Monday, August 10, 2015

What Is Binary Options Trading?

In the financial world, binary options or trading online, as some people prefer to call it, is a safe and inexpensive way of playing the stock market without losing all your investment in one shot. It is a relatively new way of trading in the market and became legal and regulated in the U.S. in 2008. You simply have two choices when you trade binary options. You are predicting whether the price of the asset you have purchased in your option contract  or trading session will go up or down when your contract reach its expiry time.

It is much simpler than Forex trading. With this type of option the purchaser can receive a payoff by predicting correctly the two possible outcomes of the price of an asset through a broker or trading platform. The two possible outcomes are whether the price of the asset will go up or down in a specified amount of time. The trader will either place "call" options on the price of the asset if he predicting it will go up or place "put" options on the price if he is predicting it will go down from the starting or strike price. If his prediction is correct he would earn his invested amount plus a percentage of the profit and if his prediction is wrong he loses the amount he invested.

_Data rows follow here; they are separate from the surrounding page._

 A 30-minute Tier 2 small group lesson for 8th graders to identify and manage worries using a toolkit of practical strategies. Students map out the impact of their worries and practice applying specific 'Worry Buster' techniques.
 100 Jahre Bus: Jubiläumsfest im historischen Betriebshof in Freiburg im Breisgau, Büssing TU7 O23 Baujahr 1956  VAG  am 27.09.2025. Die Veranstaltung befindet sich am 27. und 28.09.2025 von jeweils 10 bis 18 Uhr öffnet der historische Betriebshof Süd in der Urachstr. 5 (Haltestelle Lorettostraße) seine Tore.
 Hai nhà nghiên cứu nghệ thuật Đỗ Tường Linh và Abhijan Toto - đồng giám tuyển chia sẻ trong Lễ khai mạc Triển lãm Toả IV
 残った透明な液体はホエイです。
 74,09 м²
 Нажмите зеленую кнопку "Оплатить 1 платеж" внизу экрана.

 There are two types of binary trade options. The first one is the "cash-or-nothing" binary option and the second type is the "asset-or-nothing" binary option. The cash-or-nothing binary option is the one I will be discussing here, pays some fixed amount of cash if the option expires in-the-money, which means your prediction was correct.In comparison, the asset-or-nothing pays the value of the underlying security.

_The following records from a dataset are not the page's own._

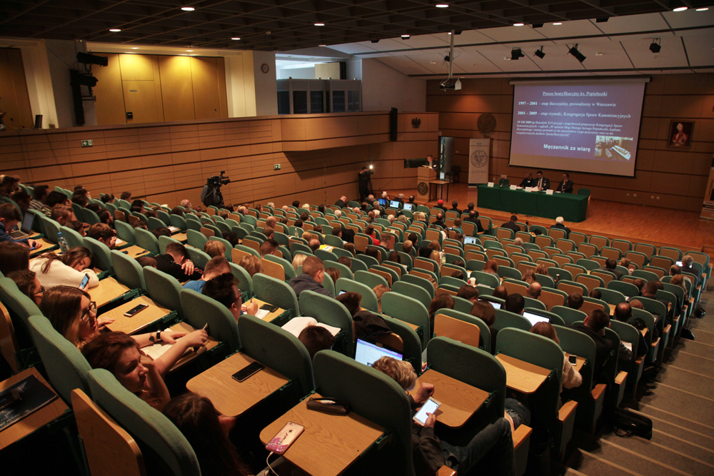 W pierwszej sesji wystąpiło trzech referentów: ks. prof. dr hab. Józef Naumowicz z UKSW, senator RP prof. dr hab. Jan Żaryn reprezentujący UKSW oraz dr Rafał Łatka z BBH IPN. Pierwszy z prelegentów omówił przebieg procesu beatyfikacyjnego ks. Popiełuszki, prowadzonego w Warszawie od 1997 do 2001 roku. Doprowadził on do uznania ks. Jerzego za męczennika. Dowiódł też, że msze za Ojczyznę stanowiły fenomen nie tylko społeczny, ale także głęboko duchowy i ściśle religijny. Profesor Żaryn zaznaczył w wystąpieniu, że w raporcie gubernatora rosyjskiego o polskich kapłanach w 1901 r. pisano: „Dla księdza katolickiego służenie ołtarzowi i sprawie narodowej […] jest symbolem nierozłącznym” – Słowa te mogłyby także pochodzić od przedstawiciela władz komunistycznych w XX wieku. Śmierć kapłanów, najczęściej męczeńska, zadawana była z nienawiści do Polski suwerennej i chrześcijańskiej. Lista męczenników – duchownych XX wieku jest długa, a kończy się na ks. Jerzym Popiełuszce – wzorze polskiego kapłana. Dr Łatka wskazywał w referacie, iż „jednym z celów władz PRL w dekadzie lat 80. było zapobieganie współpracy opozycji z duchowieństwem. Dygnitarze PZPR przy pomocy SB i Urzędu ds. Wyznań starali się izolować działaczy „Solidarności” i „kleru”. To zadanie było szczególnie istotne w stanie wojennym. Rola księży odprawiających nabożeństwa za Ojczyznę była kluczowa w podtrzymywaniu ducha oporu w społeczeństwie. Władze komunistyczne naciskały na biskupów, by zabronili głoszenia kazań ukazujących prawdziwą twarz totalitarnego systemu”.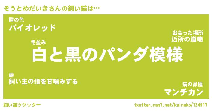 そうとめだいきさんの飼い猫は… 毛並み『白と黒のパンダ模様』瞳の色『バイオレッド』猫の品種『マンチカン』 ツクッター #飼い猫ツクッター http://tkutter.nan7.net/kaineko/124917/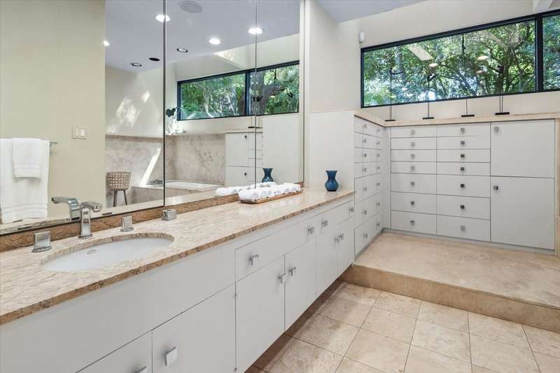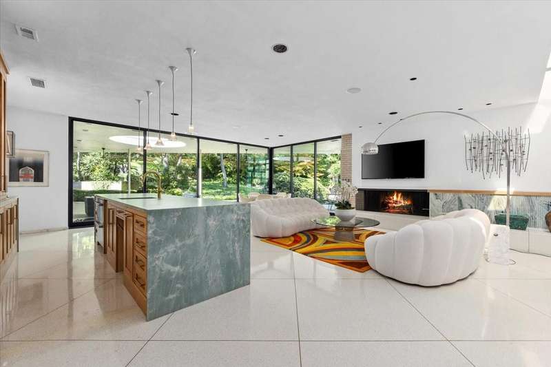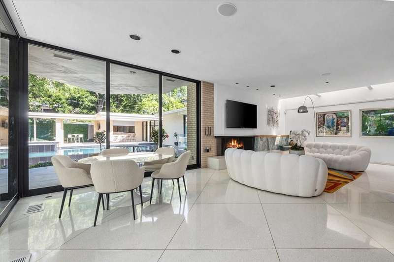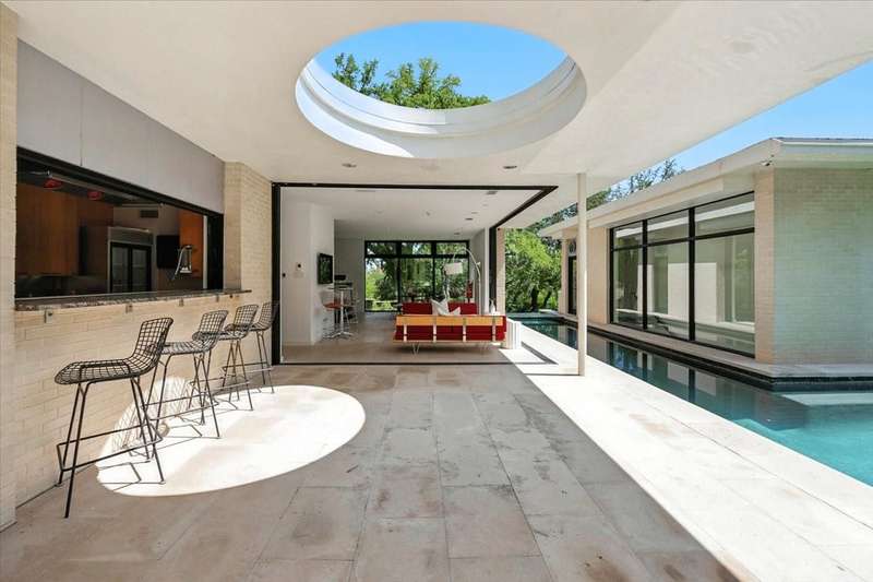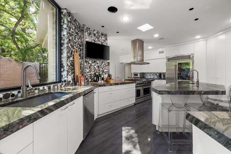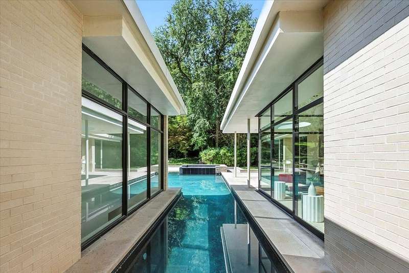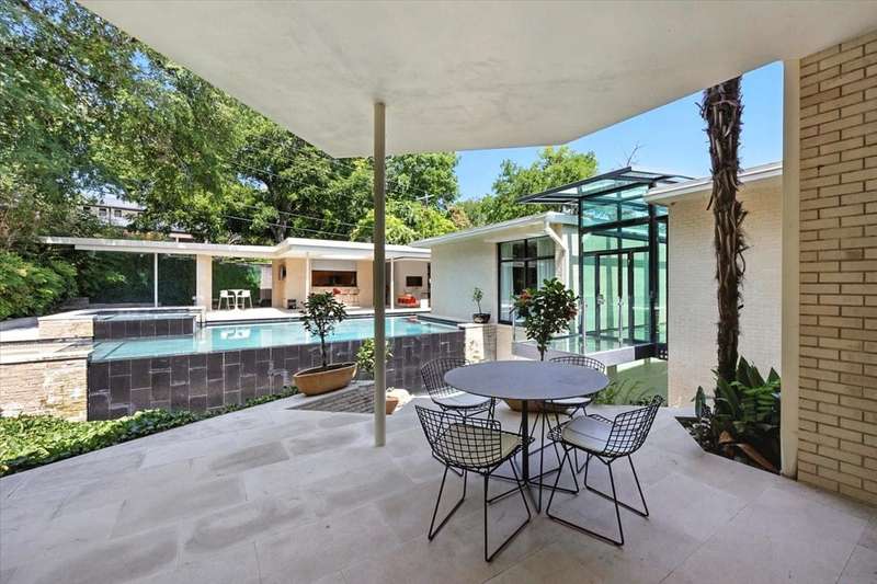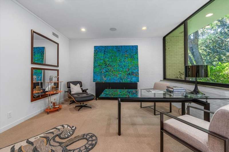 Step into an architectural masterpiece in one of Fort Worths most coveted neighborhoods. This estate is more than a homeits a statement. Featuring 5 bedrooms, 7 full baths, 2 half baths, and garage space for 5 cars, it was designed for those who demand extraordinary. Every square foot exudes sophistication: a private library, dedicated office, state-of-the-art theatre, wine cellar, and formal and casual dining spacesall seamlessly connected to expansive indoor and outdoor living areas. The homes showpiece amenities extend to a 1,000+ sq. ft. air-conditioned cabana with a full kitchen, gym, living space, and bathresort-style living year-round. Set on 1.2 acres of lush grounds, the residence blends iconic 1957 Jack Schutts mid-century design with a striking 5,000 sq. ft. modern addition. Inside, terrazzo floors flow through dramatic spaces: a dining room that frames a waterfall, a great room with fireplace and custom bar, and glass walls that vanish to reveal a terrace crowned with a circular oculus skylight. The chefs kitchen balances form and function, equipped with professional-grade appliances and a private fountain patio. The primary suite is a sanctuary of its ownlibrary, fireplace, and sweeping park-like views included. Outside, sleek glass bridges float above landscaped gardens and water features, while the pool design is nothing short of jaw-dropping, weaving between structures in a way that feels almost cinematic.This is not just real estateits an experience, designed for those who live without compromise.

 Here is an example of how a "cash-or-nothing" binary option is played out. A purchaser makes a purchase of a binary cash-or-nothing call option on the price of ABC Corp's stock to be greater than $100 after 4:00 P.M on Friday with a binary payoff of $1,000. Then, if at the future maturity date, often referred to as an expiry date, the stock is trading at above $100, $1,000 is received. If the stock is trading below $100, no money is received. And if the stock is trading at $100, in other words "on the money", the money is refunded to the purchaser.

 Though binary options have been around for several years, some brokers are regulated while there are many that are not. That means many of the trading activities on the internet are prone to fraud. The U.S. Securities and Exchange Commission (SEC) and Commodity Futures Trading Commission (CFTC) have issued a joint warning to American investors regarding unregulated binary options. The main concern with unregulated brokers is that the investor money may not be placed in a trust account as required with regulated brokers and transactions are not monitored by a third party to ensure fair play.